→ **Material for this task**

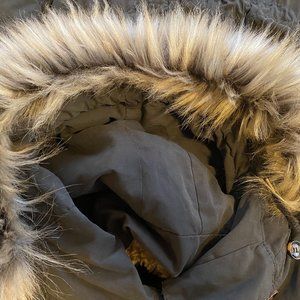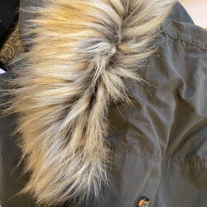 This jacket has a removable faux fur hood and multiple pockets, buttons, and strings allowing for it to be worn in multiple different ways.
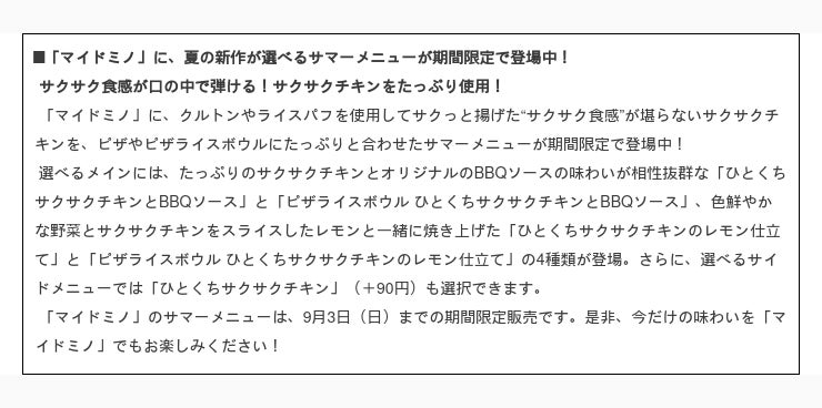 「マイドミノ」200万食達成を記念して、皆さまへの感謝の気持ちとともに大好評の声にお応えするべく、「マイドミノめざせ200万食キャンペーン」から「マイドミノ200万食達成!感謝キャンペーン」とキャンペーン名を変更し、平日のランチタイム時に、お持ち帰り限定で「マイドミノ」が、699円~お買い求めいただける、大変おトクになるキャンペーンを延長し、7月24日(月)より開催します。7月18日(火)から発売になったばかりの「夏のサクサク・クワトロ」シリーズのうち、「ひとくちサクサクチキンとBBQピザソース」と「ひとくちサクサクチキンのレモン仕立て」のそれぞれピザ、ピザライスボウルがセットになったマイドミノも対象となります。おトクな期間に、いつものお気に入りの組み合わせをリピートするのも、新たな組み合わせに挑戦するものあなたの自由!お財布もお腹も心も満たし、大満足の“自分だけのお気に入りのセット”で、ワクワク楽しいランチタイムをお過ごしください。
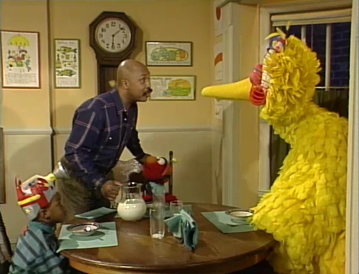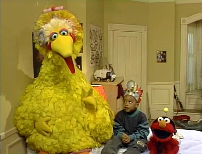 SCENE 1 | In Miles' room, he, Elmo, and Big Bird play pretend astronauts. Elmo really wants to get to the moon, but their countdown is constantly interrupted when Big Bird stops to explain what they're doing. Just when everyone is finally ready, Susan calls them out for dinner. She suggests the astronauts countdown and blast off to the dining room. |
---
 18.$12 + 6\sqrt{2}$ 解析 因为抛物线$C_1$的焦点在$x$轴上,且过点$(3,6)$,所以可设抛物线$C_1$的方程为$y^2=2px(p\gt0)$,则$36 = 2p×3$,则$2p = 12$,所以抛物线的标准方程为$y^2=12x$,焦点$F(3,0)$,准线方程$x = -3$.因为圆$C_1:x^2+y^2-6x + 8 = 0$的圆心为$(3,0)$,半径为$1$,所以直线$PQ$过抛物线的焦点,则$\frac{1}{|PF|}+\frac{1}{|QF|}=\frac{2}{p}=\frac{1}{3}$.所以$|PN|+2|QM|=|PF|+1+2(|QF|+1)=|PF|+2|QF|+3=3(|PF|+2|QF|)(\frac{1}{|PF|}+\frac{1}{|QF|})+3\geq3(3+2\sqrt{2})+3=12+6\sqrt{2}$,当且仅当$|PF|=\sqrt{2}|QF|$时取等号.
* * *
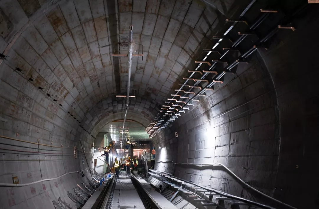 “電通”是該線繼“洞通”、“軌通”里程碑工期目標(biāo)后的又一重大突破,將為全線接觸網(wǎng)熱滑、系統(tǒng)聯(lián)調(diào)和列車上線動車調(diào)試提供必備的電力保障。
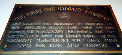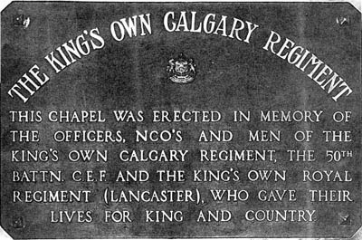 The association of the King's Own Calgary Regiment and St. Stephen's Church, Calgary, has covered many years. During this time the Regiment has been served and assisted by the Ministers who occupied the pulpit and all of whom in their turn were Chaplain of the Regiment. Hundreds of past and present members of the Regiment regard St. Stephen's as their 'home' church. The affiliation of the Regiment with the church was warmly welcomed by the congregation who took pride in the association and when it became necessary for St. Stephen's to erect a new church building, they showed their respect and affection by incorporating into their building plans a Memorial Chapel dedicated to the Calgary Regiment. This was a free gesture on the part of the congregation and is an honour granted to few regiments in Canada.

→ **What you need to do**
For this task, return exactly the stretch of the listing above from the line with "This jacket has" through the line with "SCENE 1 | In", inclusive and without pictures.

→ **Finished exercise**
 This jacket has a removable faux fur hood and multiple pockets, buttons, and strings allowing for it to be worn in multiple different ways.
 「マイドミノ」200万食達成を記念して、皆さまへの感謝の気持ちとともに大好評の声にお応えするべく、「マイドミノめざせ200万食キャンペーン」から「マイドミノ200万食達成!感謝キャンペーン」とキャンペーン名を変更し、平日のランチタイム時に、お持ち帰り限定で「マイドミノ」が、699円~お買い求めいただける、大変おトクになるキャンペーンを延長し、7月24日(月)より開催します。7月18日(火)から発売になったばかりの「夏のサクサク・クワトロ」シリーズのうち、「ひとくちサクサクチキンとBBQピザソース」と「ひとくちサクサクチキンのレモン仕立て」のそれぞれピザ、ピザライスボウルがセットになったマイドミノも対象となります。おトクな期間に、いつものお気に入りの組み合わせをリピートするのも、新たな組み合わせに挑戦するものあなたの自由!お財布もお腹も心も満たし、大満足の“自分だけのお気に入りのセット”で、ワクワク楽しいランチタイムをお過ごしください。
 SCENE 1 | In Miles' room, he, Elmo, and Big Bird play pretend astronauts. Elmo really wants to get to the moon, but their countdown is constantly interrupted when Big Bird stops to explain what they're doing. Just when everyone is finally ready, Susan calls them out for dinner. She suggests the astronauts countdown and blast off to the dining room. |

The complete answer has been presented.